__Stored items from a collection__:
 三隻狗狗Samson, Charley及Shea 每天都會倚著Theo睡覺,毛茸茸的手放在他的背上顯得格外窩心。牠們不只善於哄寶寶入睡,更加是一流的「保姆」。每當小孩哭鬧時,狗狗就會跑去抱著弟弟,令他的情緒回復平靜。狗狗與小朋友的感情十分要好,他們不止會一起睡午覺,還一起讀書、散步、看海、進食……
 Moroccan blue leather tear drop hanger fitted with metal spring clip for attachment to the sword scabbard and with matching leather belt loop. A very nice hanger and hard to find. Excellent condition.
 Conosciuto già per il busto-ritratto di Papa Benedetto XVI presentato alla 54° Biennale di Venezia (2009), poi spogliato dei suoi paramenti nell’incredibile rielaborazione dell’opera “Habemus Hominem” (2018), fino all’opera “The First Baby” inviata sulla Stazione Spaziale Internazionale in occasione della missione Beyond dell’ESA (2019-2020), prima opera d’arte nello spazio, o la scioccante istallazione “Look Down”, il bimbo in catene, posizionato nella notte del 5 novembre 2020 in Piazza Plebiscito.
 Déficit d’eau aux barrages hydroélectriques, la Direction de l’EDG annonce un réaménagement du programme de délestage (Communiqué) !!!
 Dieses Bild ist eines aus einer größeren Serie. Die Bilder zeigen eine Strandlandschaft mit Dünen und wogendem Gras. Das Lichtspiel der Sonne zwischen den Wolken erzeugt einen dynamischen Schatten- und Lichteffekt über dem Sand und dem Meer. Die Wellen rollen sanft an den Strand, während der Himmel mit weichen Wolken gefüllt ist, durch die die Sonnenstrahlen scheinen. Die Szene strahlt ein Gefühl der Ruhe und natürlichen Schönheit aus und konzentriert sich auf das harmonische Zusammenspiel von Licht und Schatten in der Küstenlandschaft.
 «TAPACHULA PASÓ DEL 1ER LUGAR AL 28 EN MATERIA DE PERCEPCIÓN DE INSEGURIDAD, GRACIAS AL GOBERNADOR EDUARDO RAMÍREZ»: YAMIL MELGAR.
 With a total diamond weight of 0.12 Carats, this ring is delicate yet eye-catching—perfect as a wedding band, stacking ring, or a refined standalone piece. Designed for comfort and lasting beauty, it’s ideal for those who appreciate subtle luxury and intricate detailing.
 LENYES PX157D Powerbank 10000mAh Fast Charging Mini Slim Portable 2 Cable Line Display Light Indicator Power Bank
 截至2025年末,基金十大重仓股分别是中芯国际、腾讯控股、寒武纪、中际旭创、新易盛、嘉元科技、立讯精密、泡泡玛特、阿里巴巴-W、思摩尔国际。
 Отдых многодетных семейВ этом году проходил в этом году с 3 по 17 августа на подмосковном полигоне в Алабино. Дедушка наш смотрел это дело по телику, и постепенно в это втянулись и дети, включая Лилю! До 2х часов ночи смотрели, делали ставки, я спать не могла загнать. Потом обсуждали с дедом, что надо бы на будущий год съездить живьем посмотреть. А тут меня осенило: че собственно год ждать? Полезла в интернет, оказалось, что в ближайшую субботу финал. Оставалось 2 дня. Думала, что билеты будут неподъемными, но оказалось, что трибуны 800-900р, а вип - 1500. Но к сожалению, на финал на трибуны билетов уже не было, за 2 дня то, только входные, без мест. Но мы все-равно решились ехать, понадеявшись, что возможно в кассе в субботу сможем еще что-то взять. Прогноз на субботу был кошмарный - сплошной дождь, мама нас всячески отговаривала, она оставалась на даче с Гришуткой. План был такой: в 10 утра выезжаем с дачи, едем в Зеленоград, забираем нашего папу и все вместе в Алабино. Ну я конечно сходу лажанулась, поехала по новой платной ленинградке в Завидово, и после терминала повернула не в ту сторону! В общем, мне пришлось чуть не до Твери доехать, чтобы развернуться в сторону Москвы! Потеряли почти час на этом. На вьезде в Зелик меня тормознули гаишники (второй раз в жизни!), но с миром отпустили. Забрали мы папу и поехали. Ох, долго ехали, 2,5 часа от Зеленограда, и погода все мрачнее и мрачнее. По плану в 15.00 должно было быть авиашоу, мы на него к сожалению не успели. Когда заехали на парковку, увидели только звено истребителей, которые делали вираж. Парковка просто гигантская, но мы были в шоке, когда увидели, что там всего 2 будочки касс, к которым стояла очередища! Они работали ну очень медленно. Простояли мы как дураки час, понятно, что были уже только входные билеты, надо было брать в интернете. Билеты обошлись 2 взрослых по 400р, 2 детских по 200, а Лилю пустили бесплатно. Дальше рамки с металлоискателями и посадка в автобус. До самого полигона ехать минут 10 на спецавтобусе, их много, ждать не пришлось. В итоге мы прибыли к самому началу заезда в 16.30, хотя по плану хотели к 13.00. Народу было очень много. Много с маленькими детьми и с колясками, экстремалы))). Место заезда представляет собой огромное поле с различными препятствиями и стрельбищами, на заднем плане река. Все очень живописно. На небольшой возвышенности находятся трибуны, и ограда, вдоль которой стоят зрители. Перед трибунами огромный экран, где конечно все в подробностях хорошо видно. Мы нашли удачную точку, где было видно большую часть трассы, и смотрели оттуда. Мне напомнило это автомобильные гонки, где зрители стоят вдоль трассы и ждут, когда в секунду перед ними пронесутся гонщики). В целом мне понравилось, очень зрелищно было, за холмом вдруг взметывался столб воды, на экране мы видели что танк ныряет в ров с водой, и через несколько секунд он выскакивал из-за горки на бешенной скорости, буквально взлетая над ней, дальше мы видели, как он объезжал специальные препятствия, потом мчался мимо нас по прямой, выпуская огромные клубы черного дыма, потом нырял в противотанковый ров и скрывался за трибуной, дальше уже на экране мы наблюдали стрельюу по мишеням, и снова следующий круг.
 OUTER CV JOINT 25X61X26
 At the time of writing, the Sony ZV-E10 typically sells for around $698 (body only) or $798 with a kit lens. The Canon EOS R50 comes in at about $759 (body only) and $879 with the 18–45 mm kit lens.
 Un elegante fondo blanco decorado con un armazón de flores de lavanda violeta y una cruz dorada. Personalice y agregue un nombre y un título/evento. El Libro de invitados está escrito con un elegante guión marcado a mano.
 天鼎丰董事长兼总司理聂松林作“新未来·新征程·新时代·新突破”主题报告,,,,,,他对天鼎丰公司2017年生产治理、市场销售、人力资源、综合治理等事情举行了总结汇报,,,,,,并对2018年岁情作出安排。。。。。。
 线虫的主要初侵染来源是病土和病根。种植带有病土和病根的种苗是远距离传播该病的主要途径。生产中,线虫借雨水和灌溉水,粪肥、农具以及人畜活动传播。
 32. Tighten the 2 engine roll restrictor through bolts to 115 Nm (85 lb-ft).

__How to complete this task__: The lines needed are the ones from the first line of the entries through the line that contains "截至2025年末,基金十大重", given again without any change.

__Task response__:
 三隻狗狗Samson, Charley及Shea 每天都會倚著Theo睡覺,毛茸茸的手放在他的背上顯得格外窩心。牠們不只善於哄寶寶入睡,更加是一流的「保姆」。每當小孩哭鬧時,狗狗就會跑去抱著弟弟,令他的情緒回復平靜。狗狗與小朋友的感情十分要好,他們不止會一起睡午覺,還一起讀書、散步、看海、進食……
 Moroccan blue leather tear drop hanger fitted with metal spring clip for attachment to the sword scabbard and with matching leather belt loop. A very nice hanger and hard to find. Excellent condition.
 Conosciuto già per il busto-ritratto di Papa Benedetto XVI presentato alla 54° Biennale di Venezia (2009), poi spogliato dei suoi paramenti nell’incredibile rielaborazione dell’opera “Habemus Hominem” (2018), fino all’opera “The First Baby” inviata sulla Stazione Spaziale Internazionale in occasione della missione Beyond dell’ESA (2019-2020), prima opera d’arte nello spazio, o la scioccante istallazione “Look Down”, il bimbo in catene, posizionato nella notte del 5 novembre 2020 in Piazza Plebiscito.
 Déficit d’eau aux barrages hydroélectriques, la Direction de l’EDG annonce un réaménagement du programme de délestage (Communiqué) !!!
 Dieses Bild ist eines aus einer größeren Serie. Die Bilder zeigen eine Strandlandschaft mit Dünen und wogendem Gras. Das Lichtspiel der Sonne zwischen den Wolken erzeugt einen dynamischen Schatten- und Lichteffekt über dem Sand und dem Meer. Die Wellen rollen sanft an den Strand, während der Himmel mit weichen Wolken gefüllt ist, durch die die Sonnenstrahlen scheinen. Die Szene strahlt ein Gefühl der Ruhe und natürlichen Schönheit aus und konzentriert sich auf das harmonische Zusammenspiel von Licht und Schatten in der Küstenlandschaft.
 «TAPACHULA PASÓ DEL 1ER LUGAR AL 28 EN MATERIA DE PERCEPCIÓN DE INSEGURIDAD, GRACIAS AL GOBERNADOR EDUARDO RAMÍREZ»: YAMIL MELGAR.
 With a total diamond weight of 0.12 Carats, this ring is delicate yet eye-catching—perfect as a wedding band, stacking ring, or a refined standalone piece. Designed for comfort and lasting beauty, it’s ideal for those who appreciate subtle luxury and intricate detailing.
 LENYES PX157D Powerbank 10000mAh Fast Charging Mini Slim Portable 2 Cable Line Display Light Indicator Power Bank
 截至2025年末,基金十大重仓股分别是中芯国际、腾讯控股、寒武纪、中际旭创、新易盛、嘉元科技、立讯精密、泡泡玛特、阿里巴巴-W、思摩尔国际。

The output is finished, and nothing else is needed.